SciTools / iris

A powerful, format-agnostic, and community-driven Python package for analysing and visualising Earth science data
https://scitools-iris.readthedocs.io/en/stable/
BSD 3-Clause "New" or "Revised" License
637 stars 284 forks source link

Support external_variables for cell_measures #3329

Closed bjlittle closed 8 months ago

bjlittle commented 5 years ago

NetCDF loading requires to support the global external_variables attribute CF 2.6.3 External Variables so that cell_measures which reference a NetCDF variable that is not in the same file as the associated cube NetCDF data variable, may be loaded, see 7.2 Cell Measures.
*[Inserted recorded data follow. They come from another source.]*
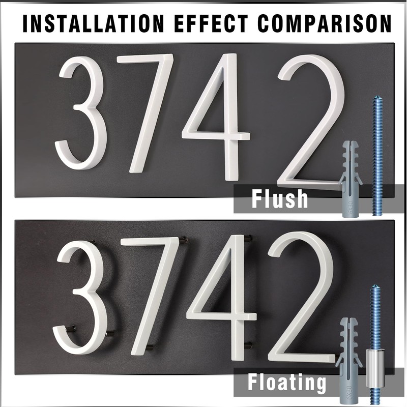 - Versatile Mounting Options: Our house numbers offer flexible mounting choices; select flush mounting for a streamlined appearance or floating installation for a modern touch; tailor the look to match your personal style and architectural design of your home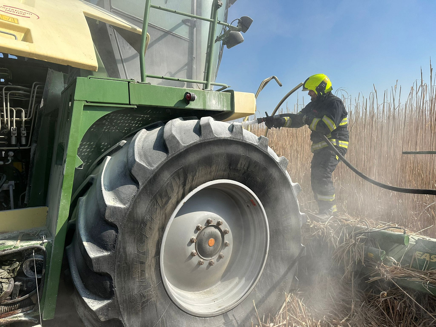 K požáru řezačky při sklizni netradiční plodiny s názvem miskantus, která se využívá na výrobu podestýlky pod koně, vyslalo operační středisko HZS Středočeského kraje profesionální jednotku z Říčan a dobrovolné jednotky obcí Škvorec a Úvaly krátce po půl desáté do katastru obce Škvorec na Praze – východ.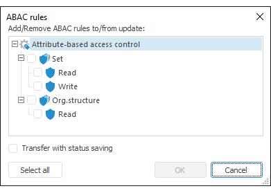 To save attribute-based access control statuses in the update, select the Transfer with Status Saving checkbox. The status determines whether it is allowed to check access permission by existing element and it is set up by checkboxes next to the attribute access structure elements in the security manager. On updating attribute access structure, statuses of structure elements will be refreshed. The rules statuses will be transferred with corresponding policy.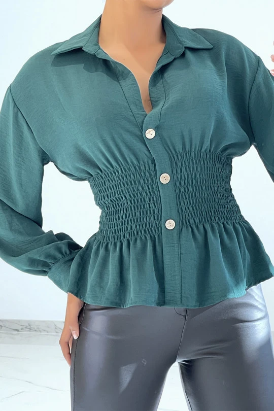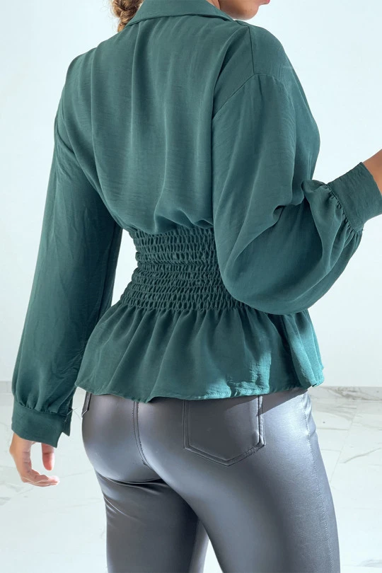 Haut fluide vert cintré à la taille effet bouffant style bohème chic. Blouse courte effet chemise d’été.

To be honest, in my opinion the use of external_variables is a pretty weak contract as a means to identify a target file that may contain the required cell measure variable - some sort of pragmatic implementation is required here. Perhaps the user also specifying the file to cube.load et al, is also enough for iris to join the dots to locate the cell measure variable.

bjlittle commented 5 years ago

@zklaus Do you have an ncdump -h example from ESMValTool where the cube data variable is in one file and the cell measures is in another file, and iris loads them both as unrelated cubes?

Or indeed, where both the cube data variable and cell measures variable are in the same file and iris loads them both as unrelated cubes?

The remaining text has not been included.